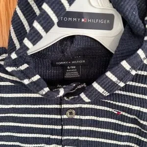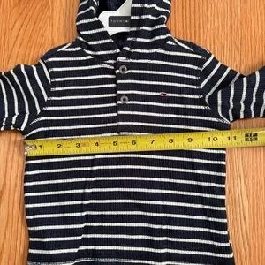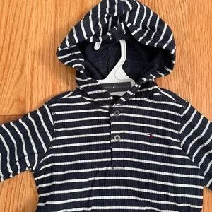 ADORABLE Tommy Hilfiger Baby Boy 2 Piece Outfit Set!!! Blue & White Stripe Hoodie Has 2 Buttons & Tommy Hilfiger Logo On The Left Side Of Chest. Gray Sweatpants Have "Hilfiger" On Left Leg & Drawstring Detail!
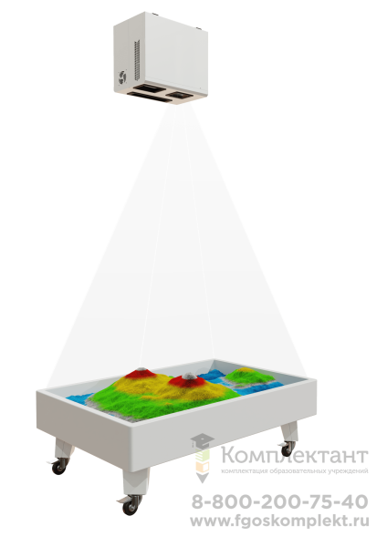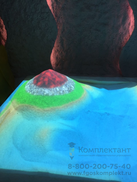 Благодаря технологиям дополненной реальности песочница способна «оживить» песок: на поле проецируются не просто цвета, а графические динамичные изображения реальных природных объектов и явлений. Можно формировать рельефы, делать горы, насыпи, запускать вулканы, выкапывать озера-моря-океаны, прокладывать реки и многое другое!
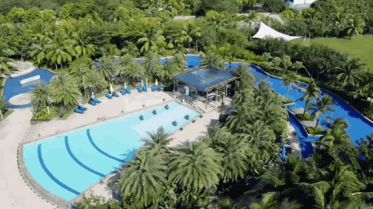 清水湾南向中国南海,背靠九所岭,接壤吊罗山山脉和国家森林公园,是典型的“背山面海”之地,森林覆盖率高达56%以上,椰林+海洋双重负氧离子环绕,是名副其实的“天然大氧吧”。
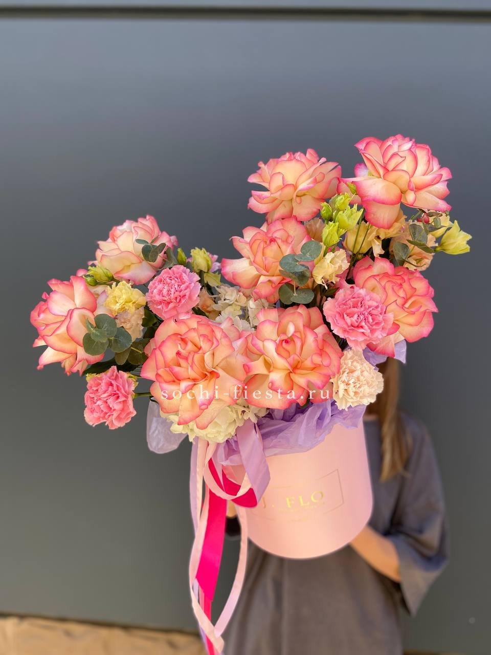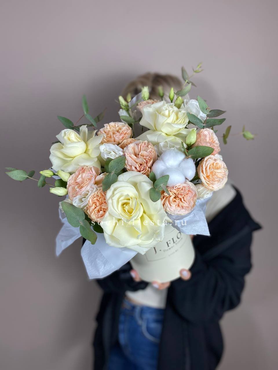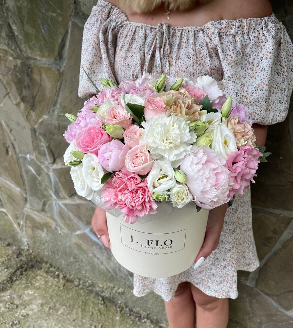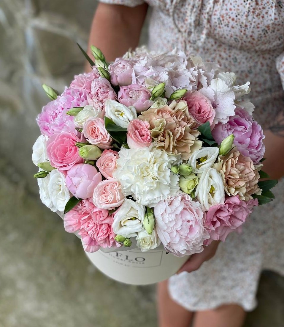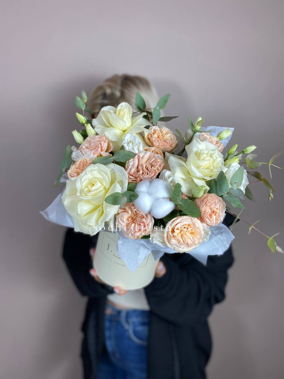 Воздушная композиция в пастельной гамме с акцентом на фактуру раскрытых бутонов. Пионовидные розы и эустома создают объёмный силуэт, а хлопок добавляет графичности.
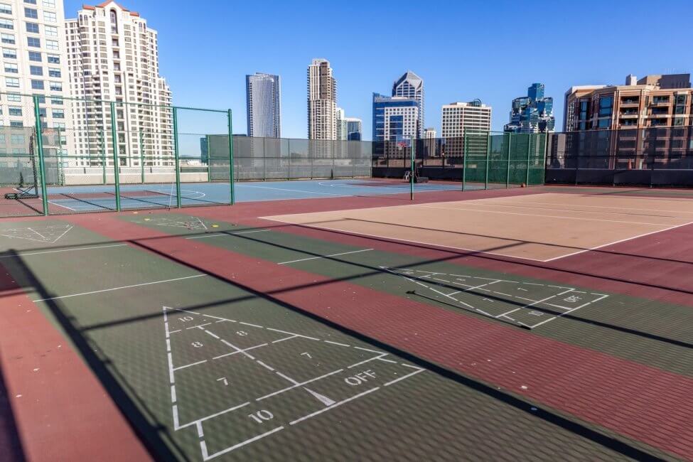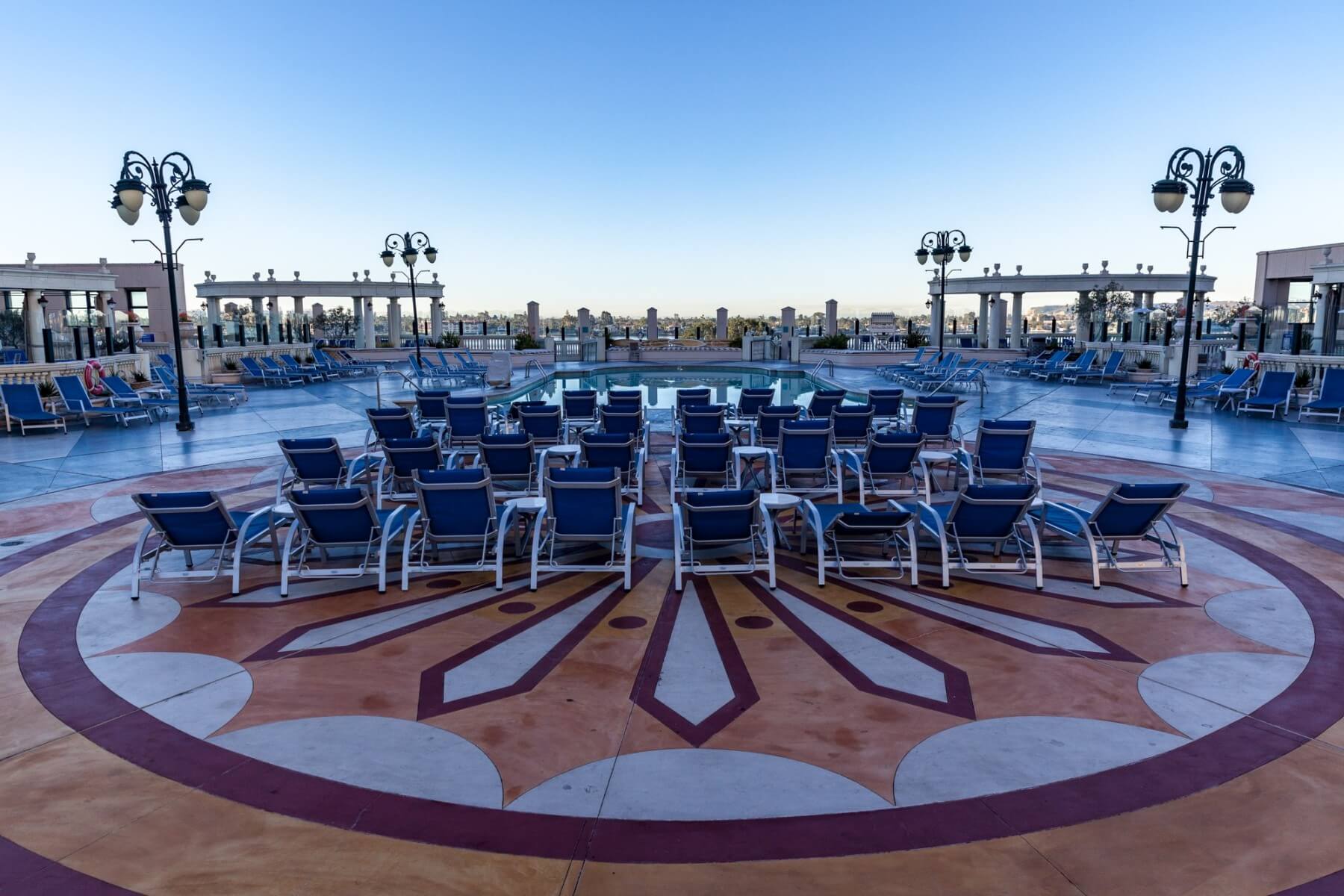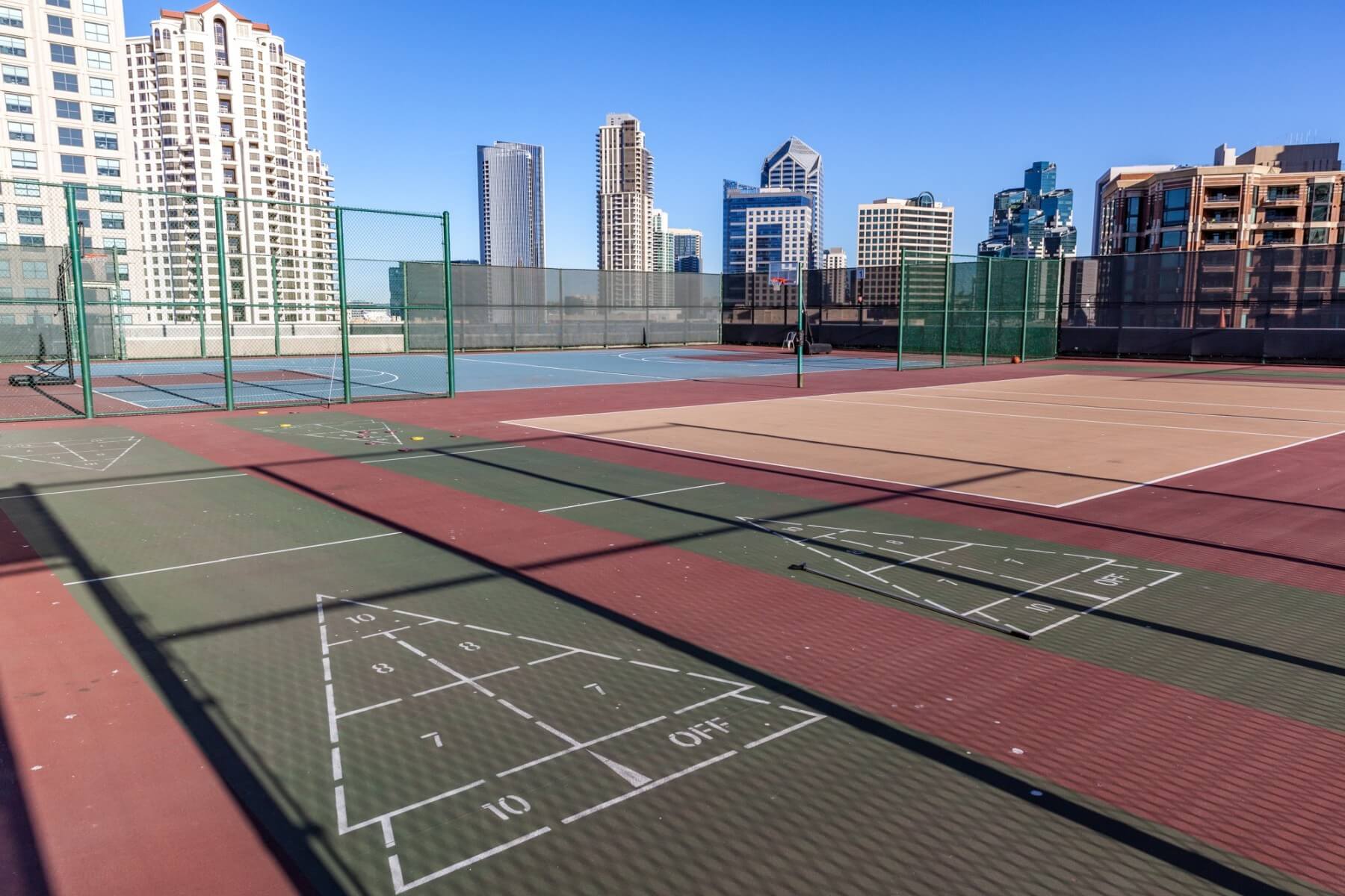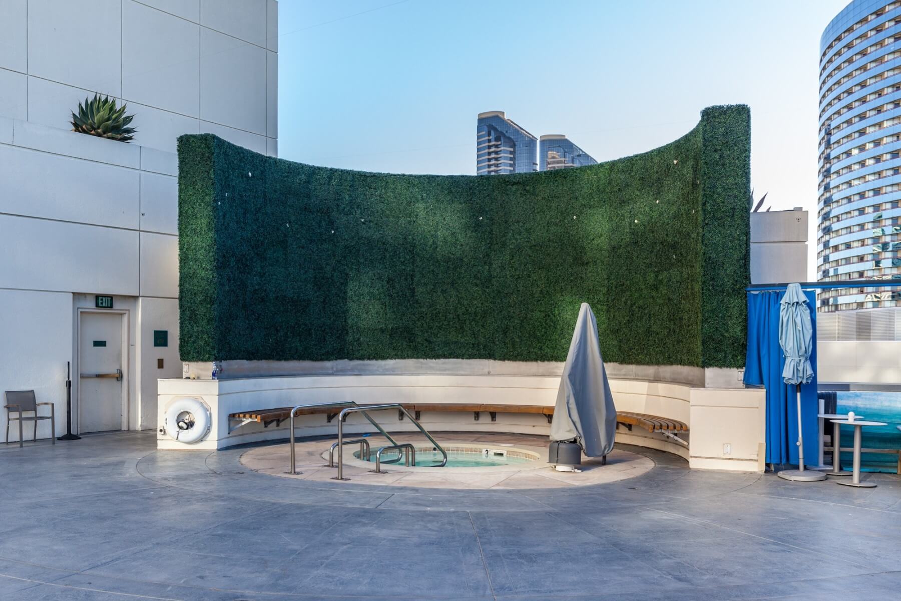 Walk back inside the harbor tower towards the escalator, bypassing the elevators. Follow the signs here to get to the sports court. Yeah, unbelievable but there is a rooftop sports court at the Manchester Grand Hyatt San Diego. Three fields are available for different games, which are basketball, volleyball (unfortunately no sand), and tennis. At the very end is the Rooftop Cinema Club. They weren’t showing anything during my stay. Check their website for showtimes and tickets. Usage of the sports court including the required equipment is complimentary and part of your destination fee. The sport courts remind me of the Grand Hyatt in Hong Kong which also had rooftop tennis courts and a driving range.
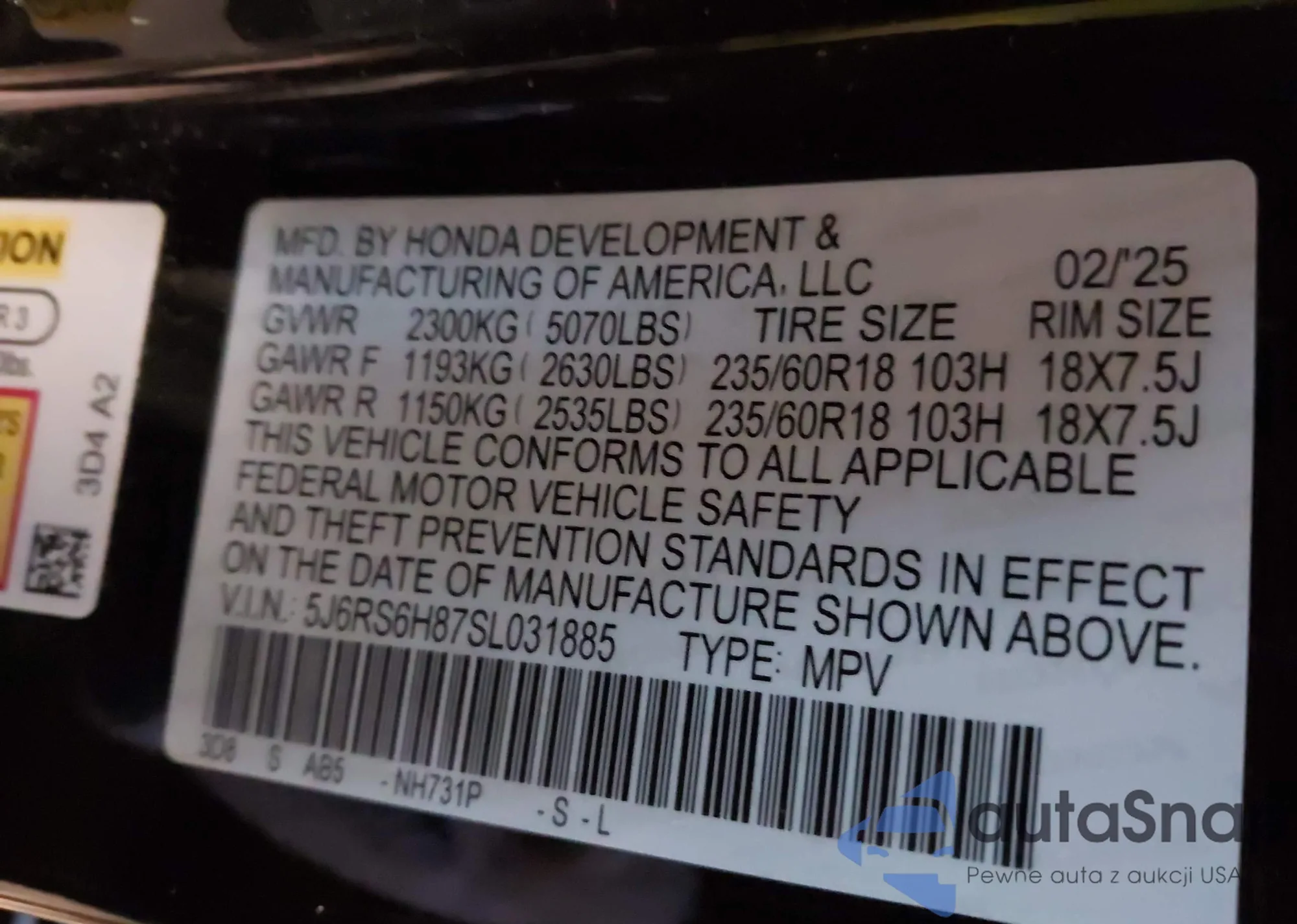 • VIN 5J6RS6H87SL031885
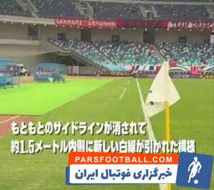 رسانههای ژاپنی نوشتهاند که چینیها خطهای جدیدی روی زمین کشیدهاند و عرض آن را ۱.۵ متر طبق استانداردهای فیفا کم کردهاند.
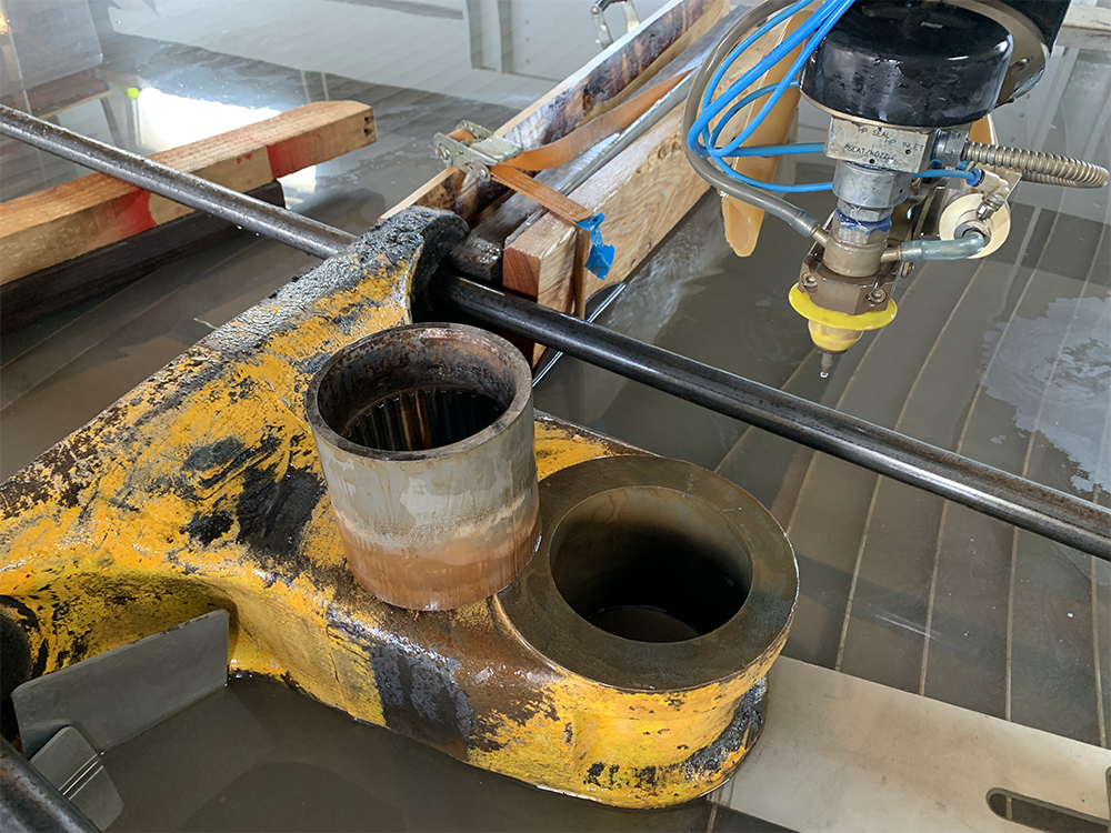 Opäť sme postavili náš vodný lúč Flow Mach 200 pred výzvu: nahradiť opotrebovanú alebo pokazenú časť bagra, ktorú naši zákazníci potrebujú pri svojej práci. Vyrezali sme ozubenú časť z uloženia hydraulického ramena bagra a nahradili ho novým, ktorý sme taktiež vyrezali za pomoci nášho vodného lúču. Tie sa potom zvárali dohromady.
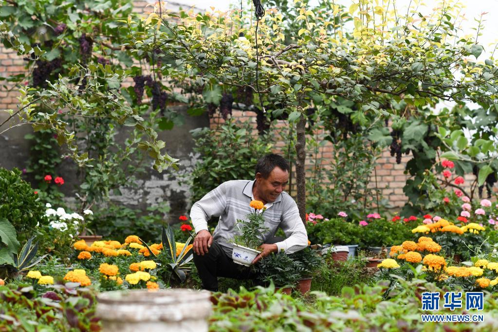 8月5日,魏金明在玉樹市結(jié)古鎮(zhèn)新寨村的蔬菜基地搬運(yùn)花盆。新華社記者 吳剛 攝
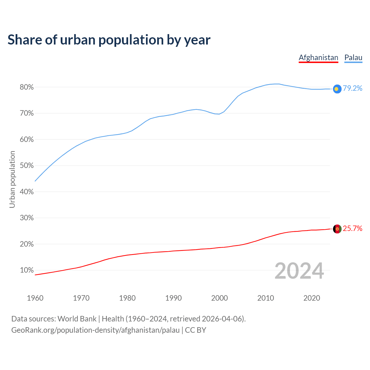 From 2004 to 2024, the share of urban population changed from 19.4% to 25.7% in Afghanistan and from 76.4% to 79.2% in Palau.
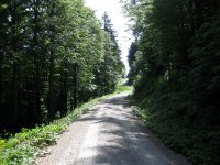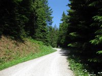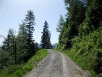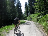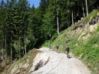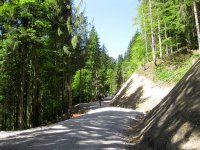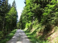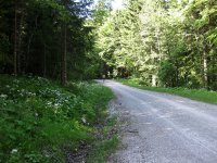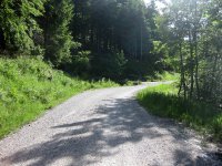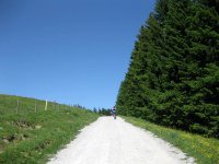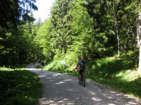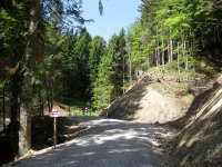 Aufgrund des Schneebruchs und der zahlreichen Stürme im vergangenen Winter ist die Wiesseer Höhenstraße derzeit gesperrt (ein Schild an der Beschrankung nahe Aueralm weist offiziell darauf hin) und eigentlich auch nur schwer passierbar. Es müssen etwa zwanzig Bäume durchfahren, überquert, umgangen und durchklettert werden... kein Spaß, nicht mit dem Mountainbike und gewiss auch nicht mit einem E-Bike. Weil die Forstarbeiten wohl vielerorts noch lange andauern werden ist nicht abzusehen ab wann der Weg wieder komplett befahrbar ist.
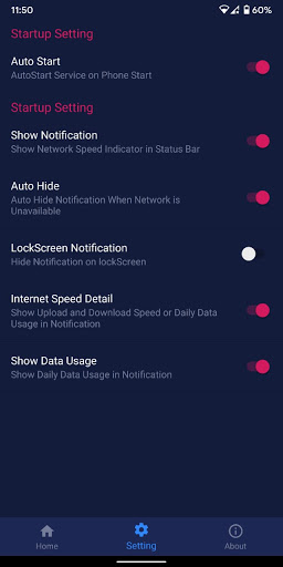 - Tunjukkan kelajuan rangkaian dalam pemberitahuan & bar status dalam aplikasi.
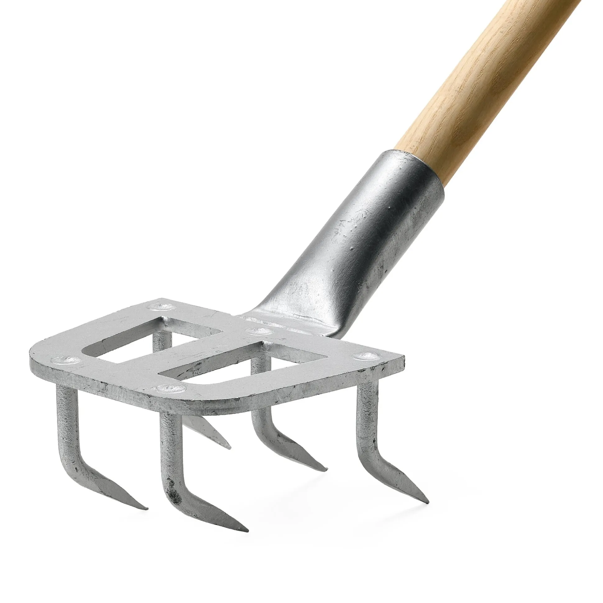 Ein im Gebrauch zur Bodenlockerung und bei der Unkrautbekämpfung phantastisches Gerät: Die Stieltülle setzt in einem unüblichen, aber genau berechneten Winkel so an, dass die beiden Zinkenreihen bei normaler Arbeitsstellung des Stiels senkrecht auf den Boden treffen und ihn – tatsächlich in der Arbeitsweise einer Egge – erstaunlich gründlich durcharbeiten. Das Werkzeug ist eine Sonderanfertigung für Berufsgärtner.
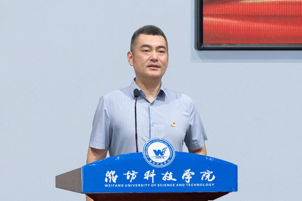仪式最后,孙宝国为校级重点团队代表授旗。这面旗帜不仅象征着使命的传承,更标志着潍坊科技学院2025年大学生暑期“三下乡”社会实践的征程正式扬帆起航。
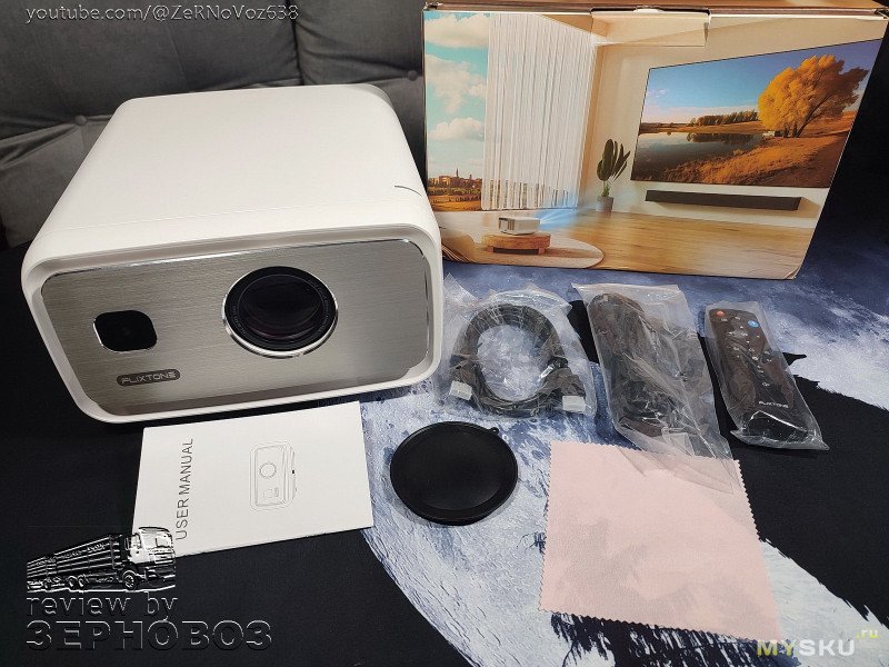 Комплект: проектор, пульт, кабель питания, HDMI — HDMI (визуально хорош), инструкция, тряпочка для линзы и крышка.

........

▶ WHAT YOU SHOULD DO:
Although pictures appear among the records above, none are to be output; print exactly the lines from the line containing "رسانههای ژاپنی نوشتهاند" through the line containing "仪式最后,孙宝国为校级重点团".

▶ EXERCISE ANSWER:
 رسانههای ژاپنی نوشتهاند که چینیها خطهای جدیدی روی زمین کشیدهاند و عرض آن را ۱.۵ متر طبق استانداردهای فیفا کم کردهاند.
 Opäť sme postavili náš vodný lúč Flow Mach 200 pred výzvu: nahradiť opotrebovanú alebo pokazenú časť bagra, ktorú naši zákazníci potrebujú pri svojej práci. Vyrezali sme ozubenú časť z uloženia hydraulického ramena bagra a nahradili ho novým, ktorý sme taktiež vyrezali za pomoci nášho vodného lúču. Tie sa potom zvárali dohromady.
 8月5日,魏金明在玉樹市結(jié)古鎮(zhèn)新寨村的蔬菜基地搬運(yùn)花盆。新華社記者 吳剛 攝
 From 2004 to 2024, the share of urban population changed from 19.4% to 25.7% in Afghanistan and from 76.4% to 79.2% in Palau.
 Aufgrund des Schneebruchs und der zahlreichen Stürme im vergangenen Winter ist die Wiesseer Höhenstraße derzeit gesperrt (ein Schild an der Beschrankung nahe Aueralm weist offiziell darauf hin) und eigentlich auch nur schwer passierbar. Es müssen etwa zwanzig Bäume durchfahren, überquert, umgangen und durchklettert werden... kein Spaß, nicht mit dem Mountainbike und gewiss auch nicht mit einem E-Bike. Weil die Forstarbeiten wohl vielerorts noch lange andauern werden ist nicht abzusehen ab wann der Weg wieder komplett befahrbar ist.
 - Tunjukkan kelajuan rangkaian dalam pemberitahuan & bar status dalam aplikasi.
 Ein im Gebrauch zur Bodenlockerung und bei der Unkrautbekämpfung phantastisches Gerät: Die Stieltülle setzt in einem unüblichen, aber genau berechneten Winkel so an, dass die beiden Zinkenreihen bei normaler Arbeitsstellung des Stiels senkrecht auf den Boden treffen und ihn – tatsächlich in der Arbeitsweise einer Egge – erstaunlich gründlich durcharbeiten. Das Werkzeug ist eine Sonderanfertigung für Berufsgärtner.
仪式最后,孙宝国为校级重点团队代表授旗。这面旗帜不仅象征着使命的传承,更标志着潍坊科技学院2025年大学生暑期“三下乡”社会实践的征程正式扬帆起航。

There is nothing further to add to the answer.